I have been using amm. acetate 10 mM pH5, but figured out that adding triethylamine (TEA) 1% the separation is much better (although the pH rises to 9-9.5-10 (I dont remember exactly). Adding TEA and decreasing the pH to 5 again doesnt work. Would it be a good buffer? i mean amm acetate 10mM with 1% TEA? I know amm acetate can be used also at pH 9.5 but I am not sure if adding TEA would be enough to get it stable.
Thanks
Posted: Mon Oct 18, 2010 2:55 pm
by SIELC_Tech
What kind of compounds you are analyzing? Why do you need very high pH? Are you trying to push you basic compounds in "non-ionized" state to get retention for very polar basic compounds?

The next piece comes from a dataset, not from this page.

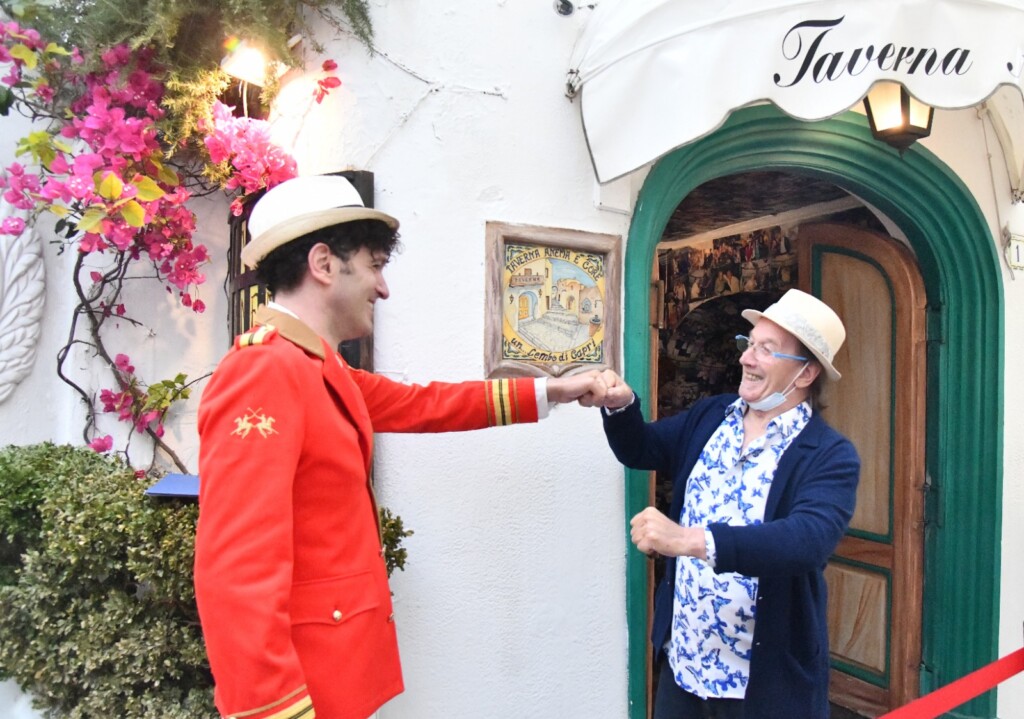 A Capri è veramente iniziata l’ estate con l’ apertura dell’ Anema e Core, anche se non sarà il by night tradizionale che per anni ha vivacizzato le notti capresi, la taverna di Guido e Gianluigi Lembo ieri sera ha siglato ufficialmente la ripresa, adottando una nuovissima versione; niente balli sui tavoli ma accoglienti spazi con tamburelli e mascherine con il logo della taverna e rigidi distanziamenti tra i clienti, che divertiti finalmente hanno potuto varcare il piccolo ingresso per regalarsi qualche ora di spensieratezza ascoltando la buona musica cantata da Guido e Gianlugi che hanno iniziato la serata con le note della famosa canzone con la quale hanno da dato il nome al locale: Anema e Core che è diventato l’ inno dell’ antro canoro caprese. Poi come accade sempre anche personaggi noti, ha voluto duettare sul palco insieme alla band, il famoso cantante rapper Carl Brave che nella sua prima vitaè stato anche un famoso cestista italiano. L’allegria della sala e degli ospiti che hanno assaggiato gli appetizer preparati per il cocktail di apertura è stato il mix giusto per la serata trascorsa sino allo scadere dell’ora imposta

Posted: Wed Oct 20, 2010 4:22 am
by fandaga
Guys: Thanks for the advice. I'll report back on the bleed for some of these at high pH.
Edit.
Vlad: I have a couple applications, and yes bases at high pH are one. Mainly, I want to look at these for the sake of seeing what can be done there.
Victor: I have a couple buffers in mind such as TEA acetate, DEA acetate, NH3 formate, etc.
Posted: Wed Oct 20, 2010 5:09 pm
by SIELC_Tech
Here is our response to high pH separations ("Is There a Mystery in HPLC Separations?"):
http://www.sielc.com/pdf/SIELC_June_2005.pdf
Posted: Wed Oct 20, 2010 6:37 pm
by Uwe Neue
All the buffers that you intend to use have pKa's that are within the stability range of the XBridge C18 packing. No problem.
Posted: Wed Oct 20, 2010 10:34 pm
by Ken Tseng
Jordi Labs has DVB columns
BioChrom Labs has PS-DVB columns
Both are pH stable 1-14
Posted: Fri Oct 29, 2010 7:26 am
by vikmnilu
Ok, so TEA 1% in Amm acetate 10mM is a good buffer. Good. I intend to use that then and need to be sure than it will keep stabel through the entire runs.
Thank you for the info!
Posted: Fri Oct 29, 2010 2:19 pm
by Flappytango
As far as silica based colums, well hybrid silica, i have found Xbridge to be the most robust column followed by geminiNX. This is when running pH10 ammonia based buffers at 40C on (UV detection).